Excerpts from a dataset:
---*---
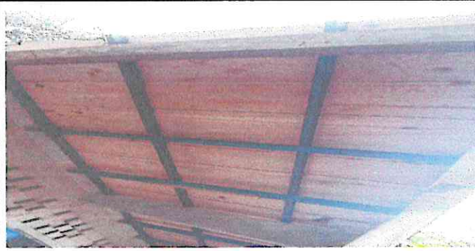
CAMBIO DE LAMIAN POR LAMINA TROQUELADA (MUCHAS GOTERAS Y FILTRACIONES)
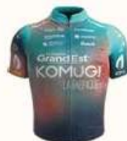
TEAM KOMUGI GRAND EST
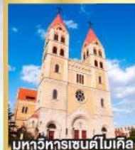
มหาวิหารเซนต์ไมเคิล
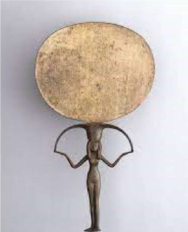
M.Ö 1500, antik Mısır aynası. New York Brooklyn Müzesi'nde sergileniyor.

Son söz olarak aynalar; insanlık tarihinde, önce yansıtıcı özelliği olan nesnelere, keşfedilmesiyle birlikte de ilkellerinden başlayıp modernlerine kadar olan tüm çeşitleri ile büyük önem taşımıştır ve neredeyse insanlık tarihi kadar eski bir geçmişe sahiptir. İnsanoğlu, kendini yansımından tanıyan nadir canlı türlerinden olduğu için aynaya büyük önem vermiştir. Günümüzde de pek çoğumuzun vazgeçilmez olarak gördüğü yagane nesnelere başında gelen ayna, tarih yolculuğunda kuşkusuz biz insanlar için önemli bir öğe olarak kendine yer etmeye devam edecektir.
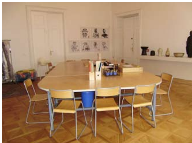
Ateliér s výstavou protlačované kresby nevidomých a hmatovými expozicemi
---*---
What you should do:
All of the data is to be transcribed exactly, with images omitted.

Your response:
CAMBIO DE LAMIAN POR LAMINA TROQUELADA (MUCHAS GOTERAS Y FILTRACIONES)
TEAM KOMUGI GRAND EST
มหาวิหารเซนต์ไมเคิล
M.Ö 1500, antik Mısır aynası. New York Brooklyn Müzesi'nde sergileniyor.

Son söz olarak aynalar; insanlık tarihinde, önce yansıtıcı özelliği olan nesnelere, keşfedilmesiyle birlikte de ilkellerinden başlayıp modernlerine kadar olan tüm çeşitleri ile büyük önem taşımıştır ve neredeyse insanlık tarihi kadar eski bir geçmişe sahiptir. İnsanoğlu, kendini yansımından tanıyan nadir canlı türlerinden olduğu için aynaya büyük önem vermiştir. Günümüzde de pek çoğumuzun vazgeçilmez olarak gördüğü yagane nesnelere başında gelen ayna, tarih yolculuğunda kuşkusuz biz insanlar için önemli bir öğe olarak kendine yer etmeye devam edecektir.
Ateliér s výstavou protlačované kresby nevidomých a hmatovými expozicemi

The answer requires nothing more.